- _THE TASK_: If a record contains a picture, leave the picture out and copy everything else exactly.

- _ENTRIES SUPPLIED_:
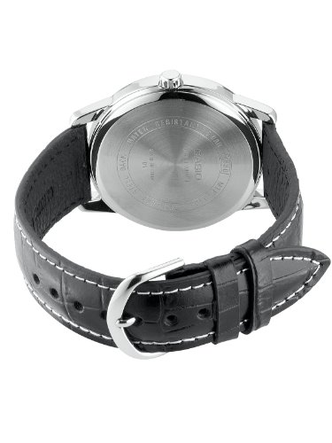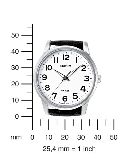 Casio Collection MTP-1303PL-7BVEF Herrenuhr Edelstahlgehäuse, silberfarbene Beschichtung, poliert Echtlederarmband, Schwarz, Dornschließe Quarzuhrwerk, Batteriebetrieben 50 Meter Water Resistant Gehäusebreite ca. 40 mm Lieferung mit Booklet.
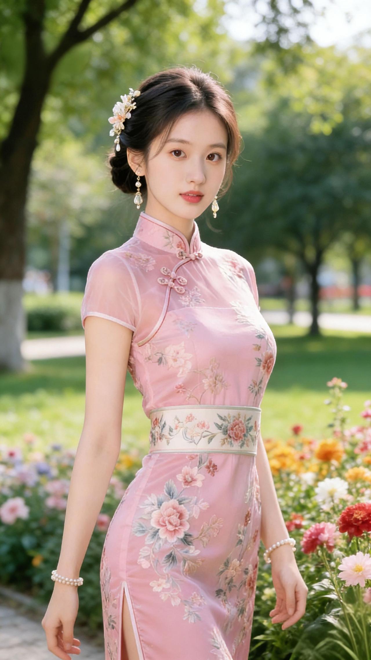 粉襟花影裹春柔 风携草木香漫过肩头时,她正立在花径旁。藕粉色旗袍裹着轻软的春,襟上绣的牡丹似沾了晨露,顺着斜襟盘扣往衣身舒展——腰际织锦带恰好收束了柔韵,让舒展的身形浸在日光里。 发间簪的花钿垂着细链,随抬眼的弧度轻晃如星子。耳坠碰着耳廓的轻响,混在风掠花瓣的簌簌声中。她抬手理鬓,腕间珍珠串滚出细碎的光,同裙摆的纹路一道,浸在四月的软暖里。 原来旗袍从不是古旧的织物,是把春天裁作了衣裳。当她踩着花影徐行,风都慢下来,替她拢好肩后碎发——这哪里是路过花丛,分明是春从诗笺里走出来,落在了人间的软光中。 旗袍春光 中式雅韵
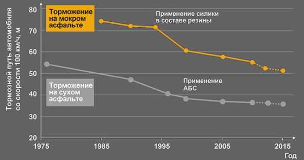 В результате блокировки задних колес (в зависимости от замедления и загруженности автомобиля) не происходит или она возникает значительно позже.
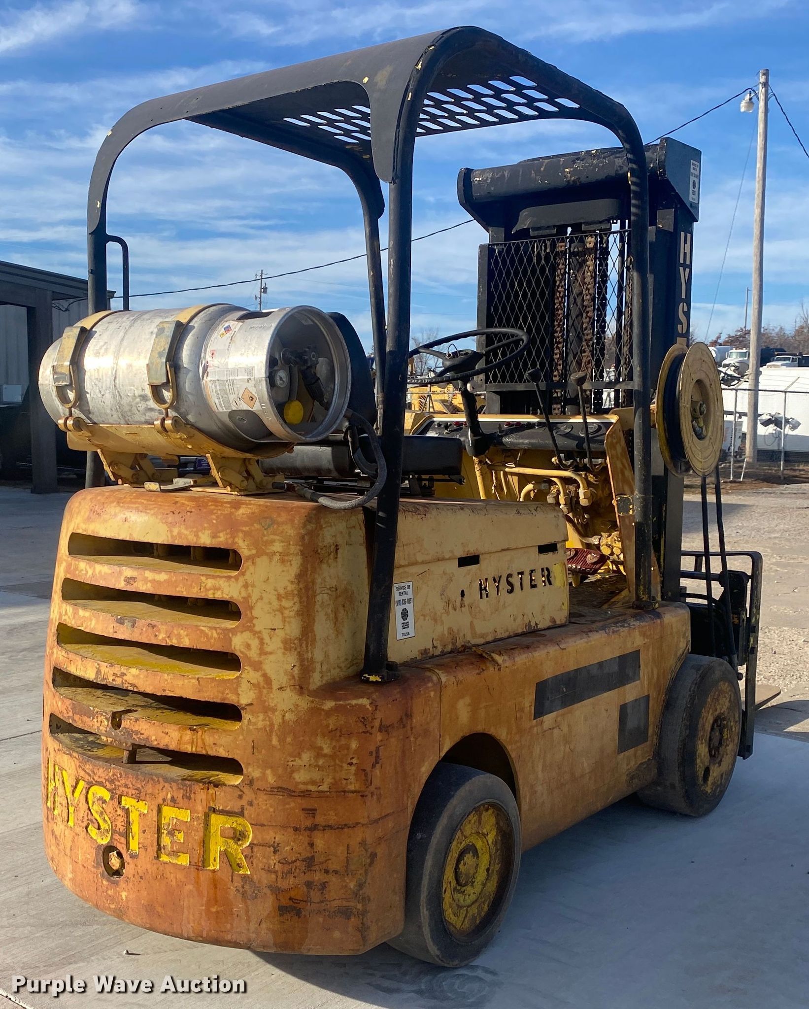 Purple Wave is selling a used Warehouse Forklift in Oklahoma. This item is a Hyster S80 forklift with the following: Hours: 1,234 on meter, Serial: 98635
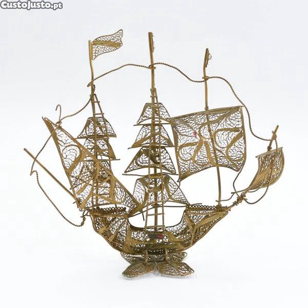 Caravela, trabalho de artesanato em filigrana portuguesa. Século XX. Sem marca de contraste visível, presumindo-se em prata dourada, com defeitos e faltas.
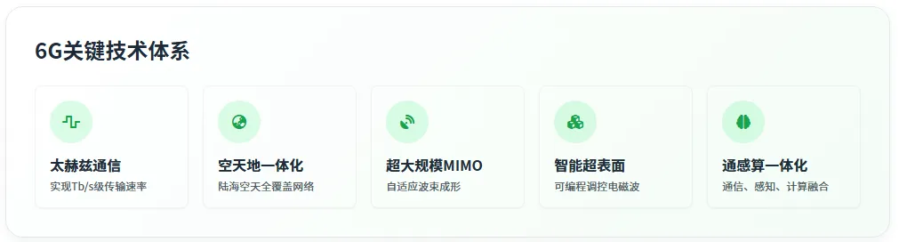 6G 技术体系呈现出多元化、融合化的特征,主要包括以下核心技术方向:
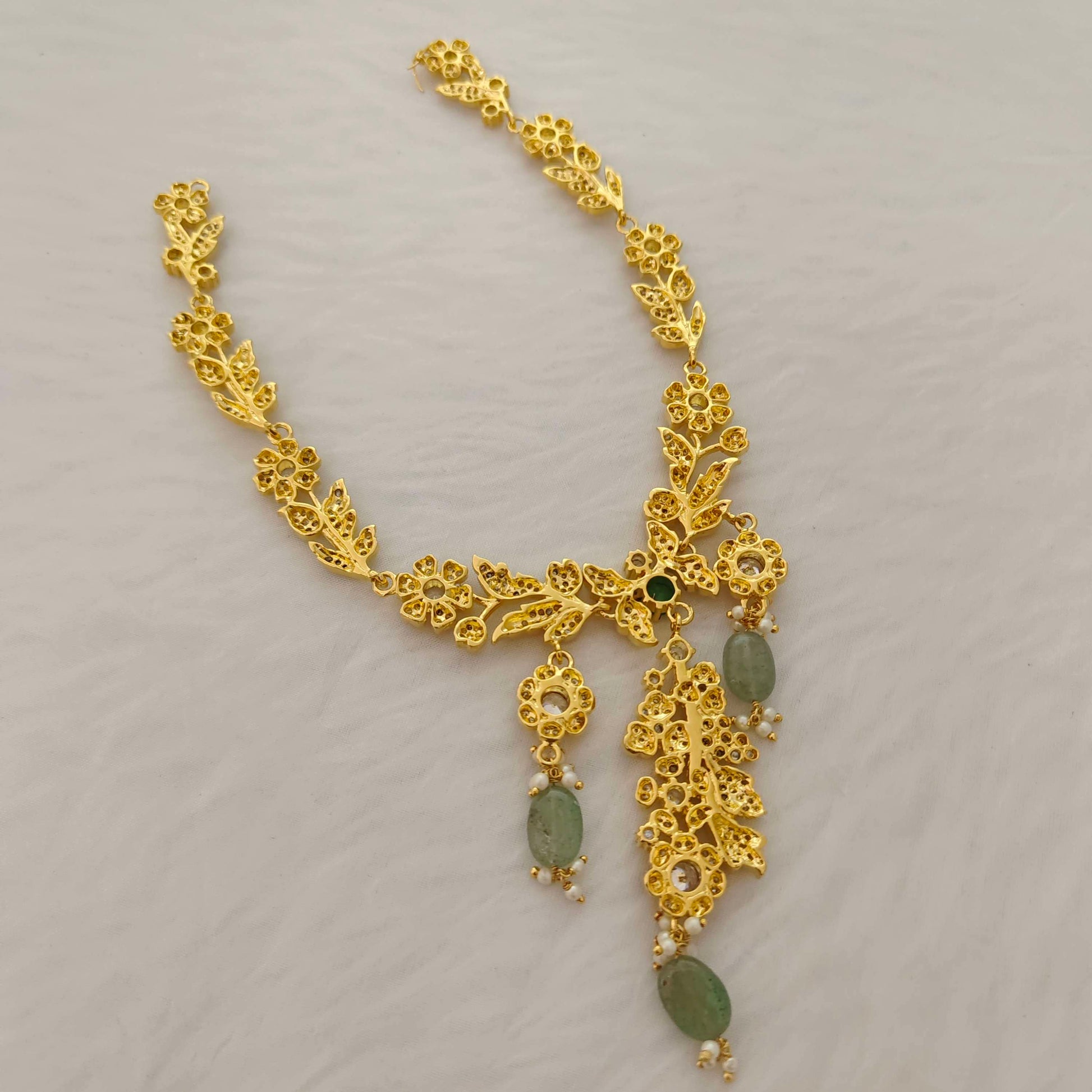 92.5 Silver Jewelry Beautiful Rose Polish Cz Necklace Designs With White stones With Hanging pearl With 16" Inches. From Ramalacollections
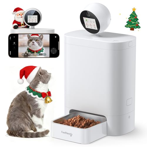 FEELNEEDY 5.5L Distributeur Croquettes Chat Automatique avec HD 3MP 360°Caméra, Wi-FI 2.4G/5G IA Distributeur Croquettes Chien avec Vision Nocturne, Audio Bidirectionnel, Écran IPS & APP Contrôle
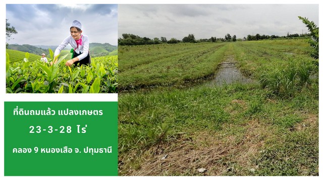 วรรณเพ็ญ สุขเกษมขายถูกที่ดิน 23-3-28 ไร่ (9,528 ตรว.) ที่ดินถมแล้ว ติดถนน 3 ด้าน ทางเข้าแปลงด้านข้าง ซ้าย ขวา และ หน้าแปลง ที่ดิน เป็นแปลงสวน กุหลาบและต้นมะลิ พื้นที่มีร่องน้ำไว้แล้ว และท้ายแปลง ใกล้คลองส่งน้ำ ใกล้ถนนเลียบคลองรพีพัฒน์ และ วัดจุฬาจินดาราม คลอง9 ตำบลบึงกาสาม อำเภอหนองเสือ จังหวัดปทุมธานี

- _EXERCISE ANSWER_:
 Casio Collection MTP-1303PL-7BVEF Herrenuhr Edelstahlgehäuse, silberfarbene Beschichtung, poliert Echtlederarmband, Schwarz, Dornschließe Quarzuhrwerk, Batteriebetrieben 50 Meter Water Resistant Gehäusebreite ca. 40 mm Lieferung mit Booklet.
 粉襟花影裹春柔 风携草木香漫过肩头时,她正立在花径旁。藕粉色旗袍裹着轻软的春,襟上绣的牡丹似沾了晨露,顺着斜襟盘扣往衣身舒展——腰际织锦带恰好收束了柔韵,让舒展的身形浸在日光里。 发间簪的花钿垂着细链,随抬眼的弧度轻晃如星子。耳坠碰着耳廓的轻响,混在风掠花瓣的簌簌声中。她抬手理鬓,腕间珍珠串滚出细碎的光,同裙摆的纹路一道,浸在四月的软暖里。 原来旗袍从不是古旧的织物,是把春天裁作了衣裳。当她踩着花影徐行,风都慢下来,替她拢好肩后碎发——这哪里是路过花丛,分明是春从诗笺里走出来,落在了人间的软光中。 旗袍春光 中式雅韵
 В результате блокировки задних колес (в зависимости от замедления и загруженности автомобиля) не происходит или она возникает значительно позже.
 Purple Wave is selling a used Warehouse Forklift in Oklahoma. This item is a Hyster S80 forklift with the following: Hours: 1,234 on meter, Serial: 98635
 Caravela, trabalho de artesanato em filigrana portuguesa. Século XX. Sem marca de contraste visível, presumindo-se em prata dourada, com defeitos e faltas.
 6G 技术体系呈现出多元化、融合化的特征,主要包括以下核心技术方向:
 92.5 Silver Jewelry Beautiful Rose Polish Cz Necklace Designs With White stones With Hanging pearl With 16" Inches. From Ramalacollections
 FEELNEEDY 5.5L Distributeur Croquettes Chat Automatique avec HD 3MP 360°Caméra, Wi-FI 2.4G/5G IA Distributeur Croquettes Chien avec Vision Nocturne, Audio Bidirectionnel, Écran IPS & APP Contrôle
 วรรณเพ็ญ สุขเกษมขายถูกที่ดิน 23-3-28 ไร่ (9,528 ตรว.) ที่ดินถมแล้ว ติดถนน 3 ด้าน ทางเข้าแปลงด้านข้าง ซ้าย ขวา และ หน้าแปลง ที่ดิน เป็นแปลงสวน กุหลาบและต้นมะลิ พื้นที่มีร่องน้ำไว้แล้ว และท้ายแปลง ใกล้คลองส่งน้ำ ใกล้ถนนเลียบคลองรพีพัฒน์ และ วัดจุฬาจินดาราม คลอง9 ตำบลบึงกาสาม อำเภอหนองเสือ จังหวัดปทุมธานี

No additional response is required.